## Instructions to follow
Omitting all images, set down every line below exactly as it appears.

Data extracted from a collection:
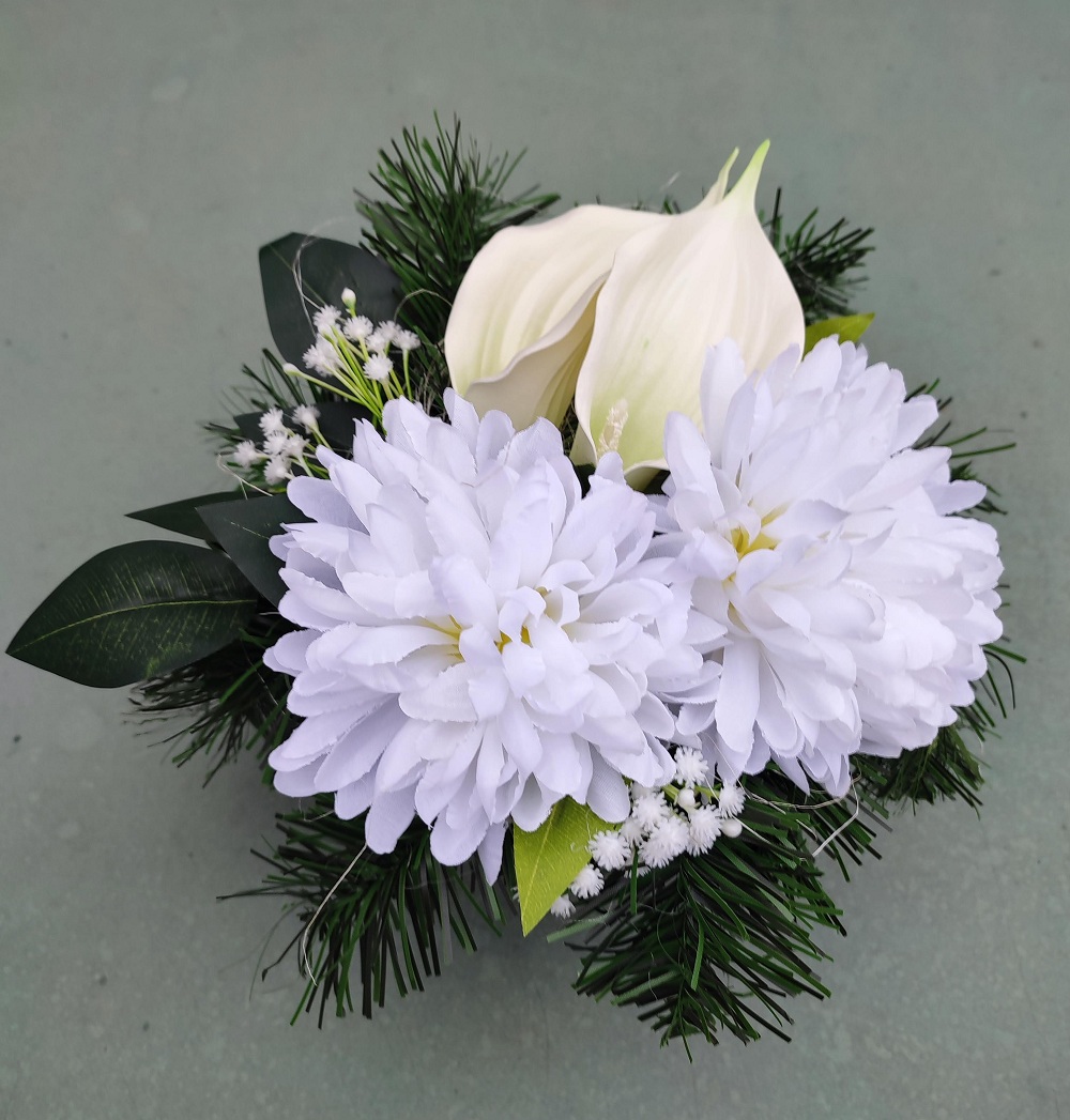 Úvod » HALLOWEEN, DUŠIČKY » Aranžmány a vence na hroby » Dušičkový aranžmán biely 30 cm
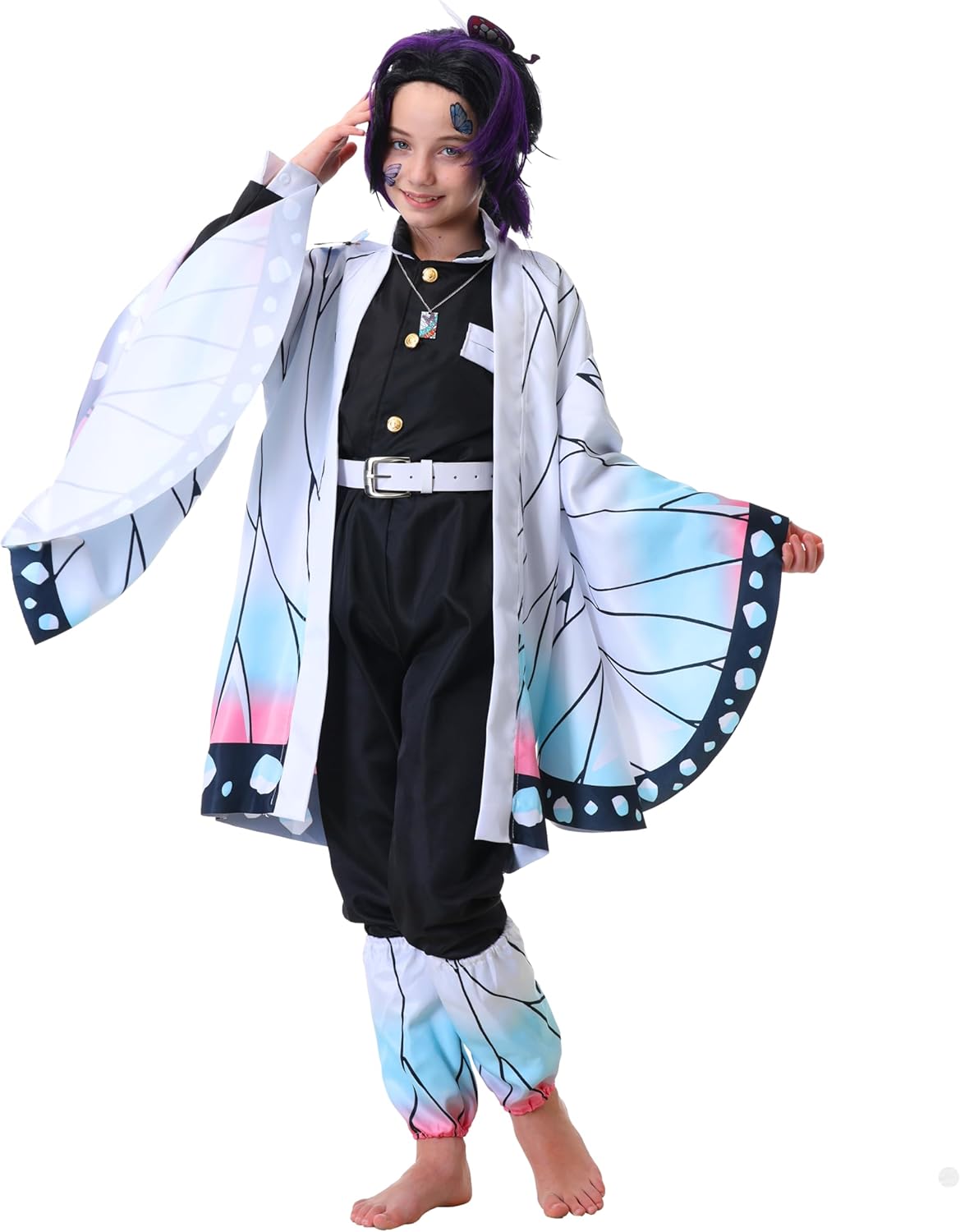 "【PACKAGE INCLUDES】--- 1* Wig, 1 * White Cloak; 1 * Black Top; 1 * Samurai Pants; 1 * Leg Wrapings; 1 * Butterfly Headwear;1 * Belt; 1 * Earrings, 1* Necklace, 1*Sticker;6* Butterfly decoration.(Full Set as the pictures show). 【APPLICABLE SCENARIOS】--- Our role play costume for Girls and Women Are perfect for comic conventions, festival cosplay, role playing, theme party, dress up, birthday party, photography, performance, etc. 【Materials】--- Our Halloween role play costume is made of high quality uniform fabric, comfortable and durable.It won't fade and ball, easy to clean. Can be washed in cold water both by machine or hand.The same printing as Anime characters. 【ABOUT OUR SIZE】--- We have full size for your choice. Please choose the size according to the chest, shoulders and waist in chart. You can refer to the size chart to choose clothes suitable for your child and you. Please understand that 120, 130, 140, 150, 160 is kid's size; that S, M, L, XL, XXL is adult's size. 【ANIME DESIGN】--- The design of our Costume Kimono is inspired by famous anime characters.If you have family or friends who are fans, I recommend it as a gift."
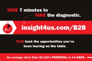 TAKE 7 minutes to TAKE the diagnostic. insight4us.com/B2B 7 MINUTES TAKE back the opportunities you’ve been leaving on the table. Our average client finds 50-100% POTENTIAL in 4-6 GAPS.
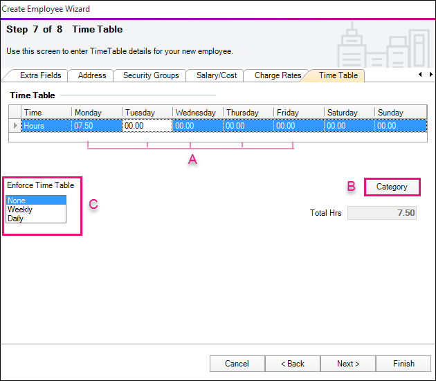 (B) Click Category to apply the Standard Hours of work set up for the employee category you assigned in Step 1.
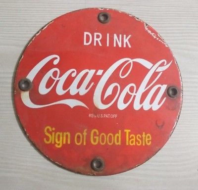 Title (ebay affiliate link): PORCELAIN SIGN DRINK COCA-COLA SIZE- 5" INCH DIA APPROX

## Solution
 Úvod » HALLOWEEN, DUŠIČKY » Aranžmány a vence na hroby » Dušičkový aranžmán biely 30 cm
 "【PACKAGE INCLUDES】--- 1* Wig, 1 * White Cloak; 1 * Black Top; 1 * Samurai Pants; 1 * Leg Wrapings; 1 * Butterfly Headwear;1 * Belt; 1 * Earrings, 1* Necklace, 1*Sticker;6* Butterfly decoration.(Full Set as the pictures show). 【APPLICABLE SCENARIOS】--- Our role play costume for Girls and Women Are perfect for comic conventions, festival cosplay, role playing, theme party, dress up, birthday party, photography, performance, etc. 【Materials】--- Our Halloween role play costume is made of high quality uniform fabric, comfortable and durable.It won't fade and ball, easy to clean. Can be washed in cold water both by machine or hand.The same printing as Anime characters. 【ABOUT OUR SIZE】--- We have full size for your choice. Please choose the size according to the chest, shoulders and waist in chart. You can refer to the size chart to choose clothes suitable for your child and you. Please understand that 120, 130, 140, 150, 160 is kid's size; that S, M, L, XL, XXL is adult's size. 【ANIME DESIGN】--- The design of our Costume Kimono is inspired by famous anime characters.If you have family or friends who are fans, I recommend it as a gift."
 TAKE 7 minutes to TAKE the diagnostic. insight4us.com/B2B 7 MINUTES TAKE back the opportunities you’ve been leaving on the table. Our average client finds 50-100% POTENTIAL in 4-6 GAPS.
 (B) Click Category to apply the Standard Hours of work set up for the employee category you assigned in Step 1.
 Title (ebay affiliate link): PORCELAIN SIGN DRINK COCA-COLA SIZE- 5" INCH DIA APPROX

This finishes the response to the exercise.